Apprendi did not overrule Almendarez-Torres. See Apprendi,
530 U.S. at 489-90, 496; see also United States v. Dabeit, 231
F.3d 979, 984 (5th Cir. 2000), cert. denied, 531 U.S. 1202
(2001). Hernandez-Jaimez’s argument is therefore foreclosed.
Hernandez-Jaimez also contends that his indictment violated
the Fifth and Sixth Amendments because it lacked an allegation
that he acted with general intent. This claim is beyond the
scope of remand as it is could have been raised on the original
appeal. See United States v. Hass, 199 F.3d 749, 752 (5th Cir.
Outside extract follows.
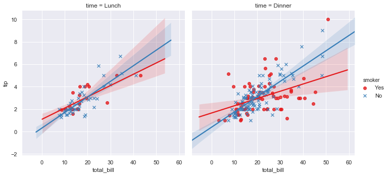 - lmplot은 'hue=칼럼'으로 색을 구분지을 수 있고 , marker=["o","x"] 로 표시방법도 구분할 수 있다.
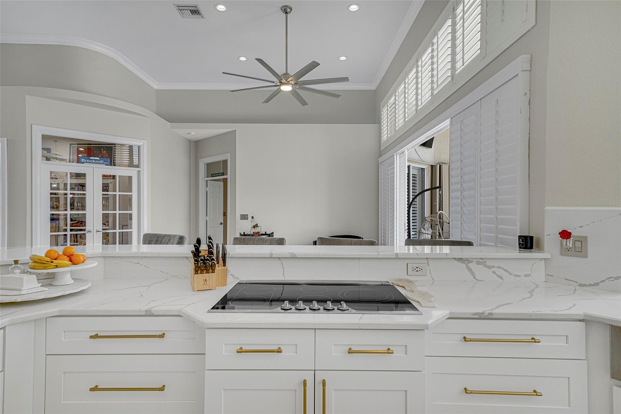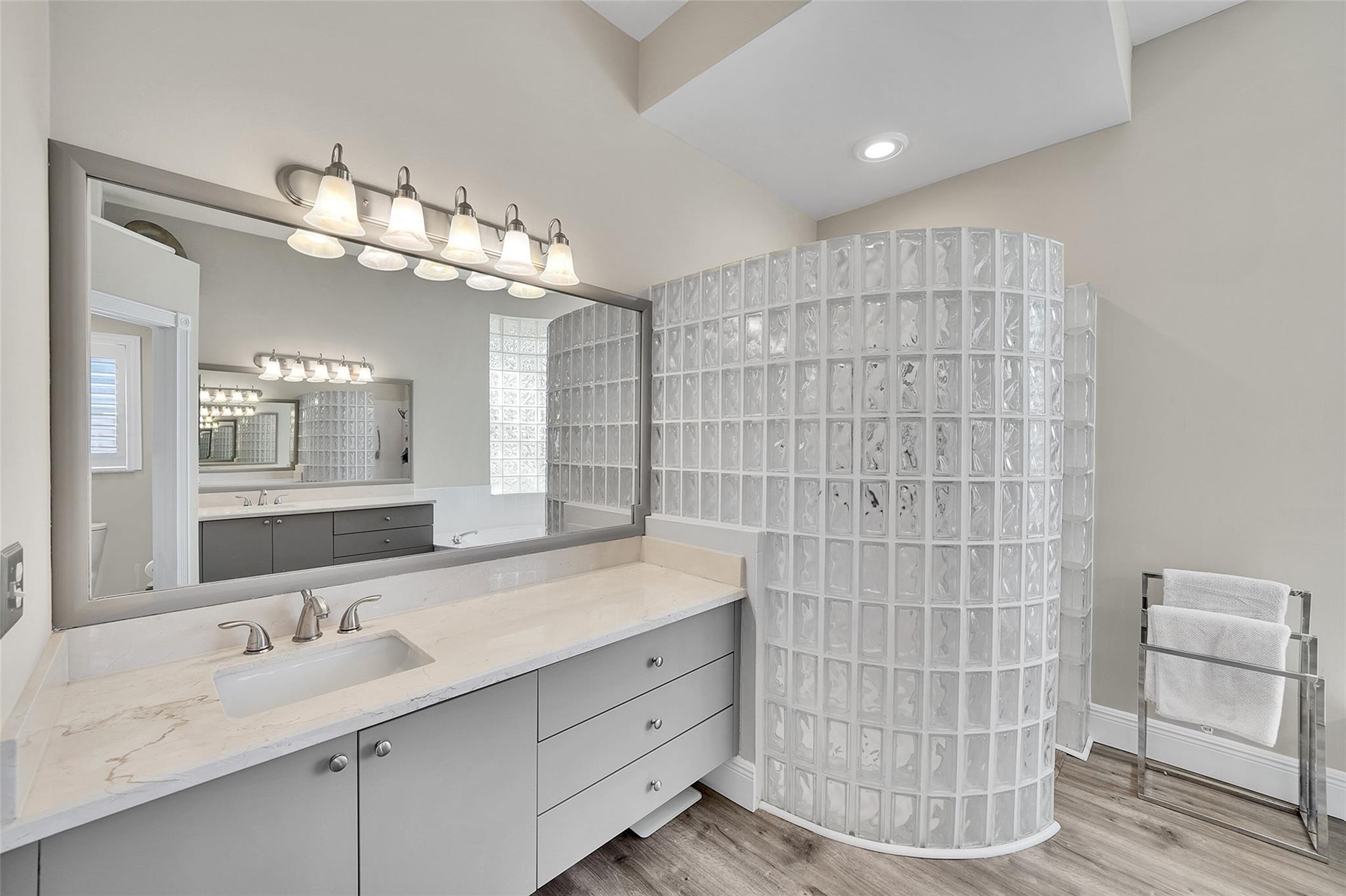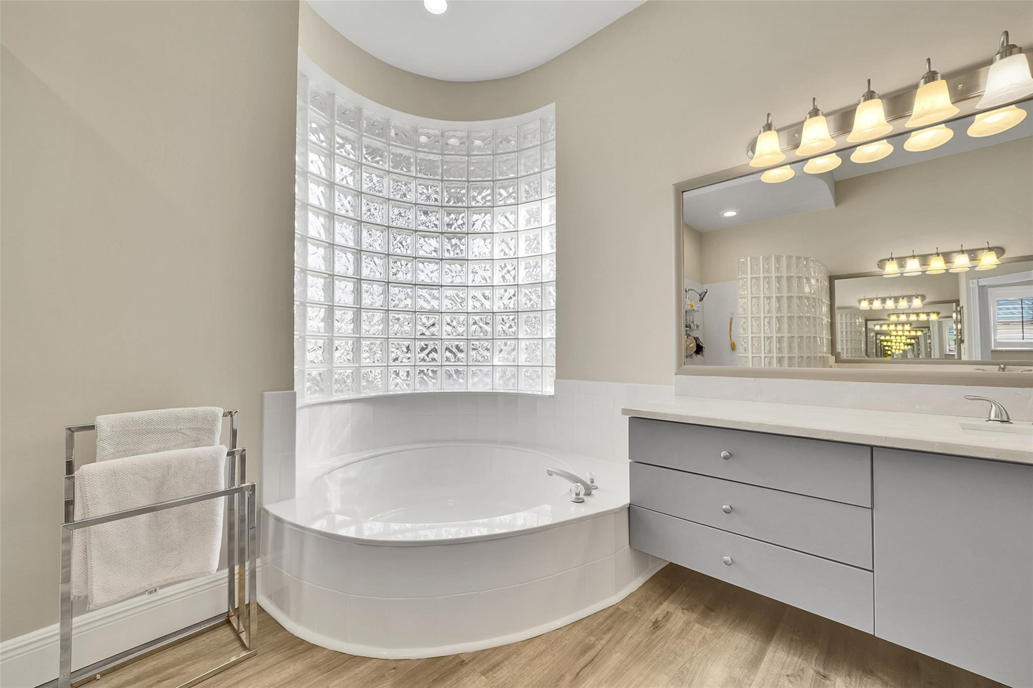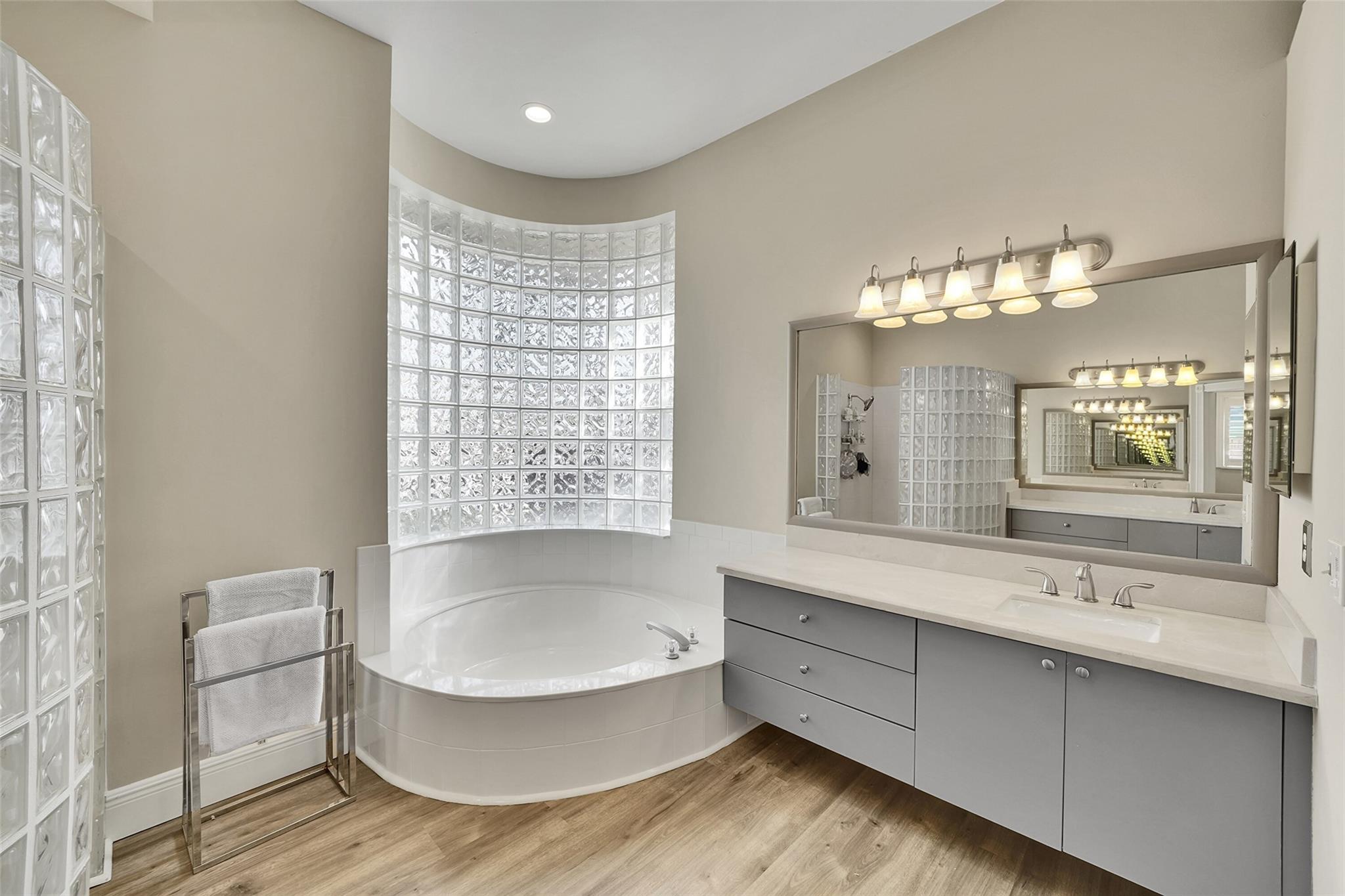 Welcome to your dream home in Kensington Gardens! This fully remodeled residence features 5 spacious bedrooms & 3 luxurious bathrooms across over 2,800 sq. ft. Located on a large cul-de-sac lot, it offers tranquility and convenience, minutes from top-rated schools, shopping, & major highways. Highlights include soaring ceilings, new flooring throughout the home, a decorative fireplace, 2010 roof, new gourmet kitchen with Quartz counters & SS appliances. The landscaped yard has professional lighting, a sparkling pool, ample relaxation space. The master suite boasts pool access, 3-large closets, & a spa-like en suite bathroom. Practical upgrades include two new AC units, a water heater, a three-car garage, and low HOA fees. This home is a blend of luxury, comfort, and convenience—a must-see!

1999), cert. denied, 531 U.S. 812 (2000). Regardless, as
Hernandez-Jaimez acknowledges, the claim is foreclosed by this
court’s precedent in United States v. Guzman-Ocampo, 236 F.3d
233, 236 (5th Cir. 2000), cert. denied, 121 S. Ct. 2600 (2001),
and United States v. Berrios-Centeno, 250 F.3d 294, 299-300 (5th
Cir.), cert. denied, 122 S. Ct. 288 (2001). Accordingly, the
judgment of the district court is AFFIRMED.